** Opening DATASET SECTION block **

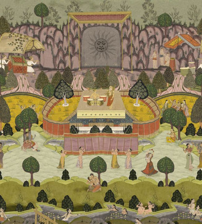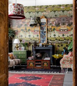 Festival goers swim and immerse themselves in nature, while the melodies continue to float across the air in Mind The Gaps Peace And Music print. Fine detail depicts a setting which is calm and full of happiness, where music acts as a universal language bringing everyone together as one.
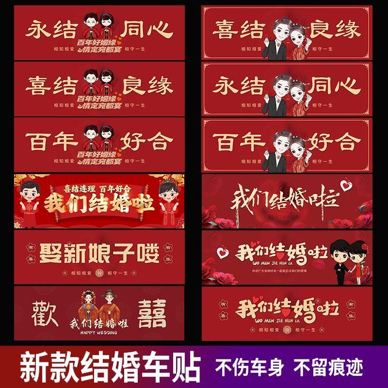 网红接亲队伍结婚车贴防水不伤车迎亲婚礼喜气氛围感不干胶贴纸
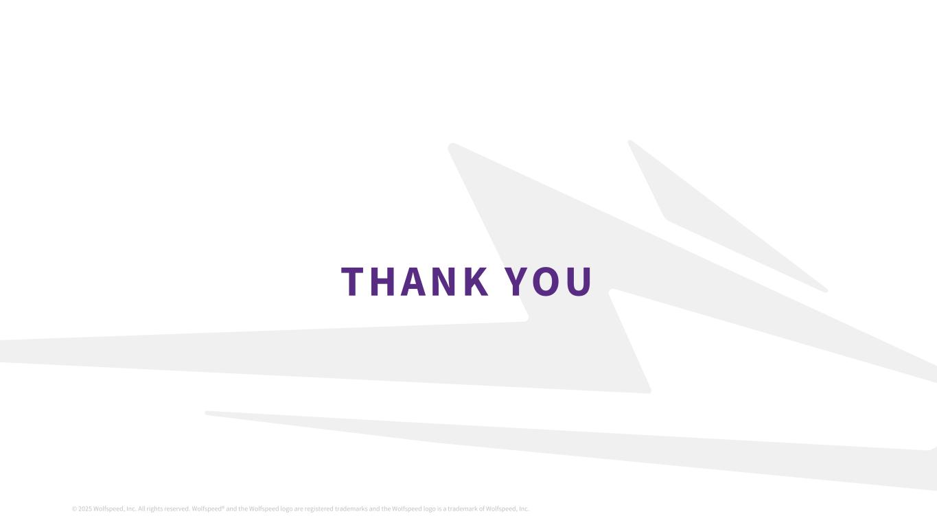 © 2025 Wolfspeed, Inc. All rights reserved. Wolfspeed® and the Wolfspeed logo are registered trademarks and the Wolfspeed logo is a trademark of Wolfspeed, Inc. THANK YOU
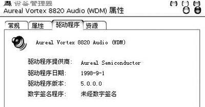 注:安装成功后的驱动信息,如图7所示。驱动显示为Aureal 8820驱动,版本为1998-9-1。

** Closing DATASET SECTION block **

- WHAT THE TASK ASKS: All of the preceding material should be output verbatim, with the pictures excluded.

- ANSWER BELOW:
 Festival goers swim and immerse themselves in nature, while the melodies continue to float across the air in Mind The Gaps Peace And Music print. Fine detail depicts a setting which is calm and full of happiness, where music acts as a universal language bringing everyone together as one.
 网红接亲队伍结婚车贴防水不伤车迎亲婚礼喜气氛围感不干胶贴纸
 © 2025 Wolfspeed, Inc. All rights reserved. Wolfspeed® and the Wolfspeed logo are registered trademarks and the Wolfspeed logo is a trademark of Wolfspeed, Inc. THANK YOU
 注:安装成功后的驱动信息,如图7所示。驱动显示为Aureal 8820驱动,版本为1998-9-1。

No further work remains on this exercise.